News from Notch Consulting, Inc.

December 17, 2020

Orion adds cogen unit at Qingdao

Filed under: Carbon Black — Notch @ 1:53 pm

Orion Engineered Carbons has completed a multi-year upgrade to its carbon black plant in Qingdao, China. The project included the installation of a state-of-the-art cogeneration unit, which recovers energy from the production process to generate electricity for use internally at the plant as well as up to 5,000 homes in the district. This is the second cogen unit Orion has started up recently, following another project completed in October at its Borger, Texas plant.

December 2, 2020

USTMA raises forecast for US tire shipments in 2020

Filed under: General, Tires — Notch @ 12:48 am

On December 1, the US Tire Manufacturers Association announced a significant revision to its forecast for US tire shipments. Even with the improved outlook, however, total shipments in 2020 are expected to fall 10.3% from 2019 levels.

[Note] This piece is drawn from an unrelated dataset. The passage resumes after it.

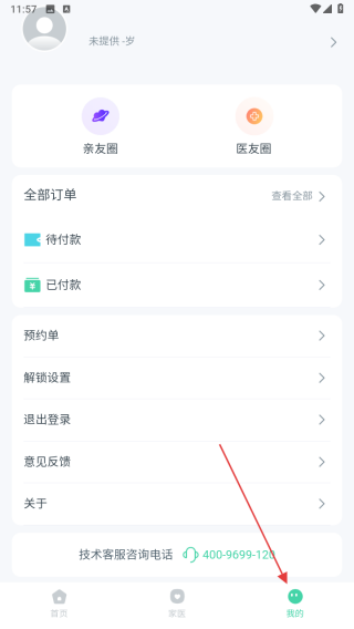 3、进入我的页面,查看亲友圈医友圈,管理全部订单,进行解锁设置退出登录等操作,反馈意见,了解关于信息,拨打技术客服电话解决问题。

The U.S. Tire Manufacturers Association (USTMA) projects U.S. tire shipments will total 298.3 million units by the end of 2020, compared to 332.7 million units in 2019. This forecast represents a significant improvement of nearly 19 million units from the 2020 volume USTMA forecasted in July, reflecting industry resilience in the face of unprecedented challenges posed by the COVID-19 pandemic.

Compared to 2019, Original Equipment (OE) shipments for passenger, light truck and truck tires are expected to decrease by 20.4%, 18.0% and 29.0% respectively, with a total reduction of 12.4 million units. Replacement passenger and light truck tire shipments are projected to decrease by 9.5% and 1.8% respectively, with truck tire replacement shipments showing a modest decline at 2.1%. The total unit reduction for replacement tires is projected to be 22.0 million units.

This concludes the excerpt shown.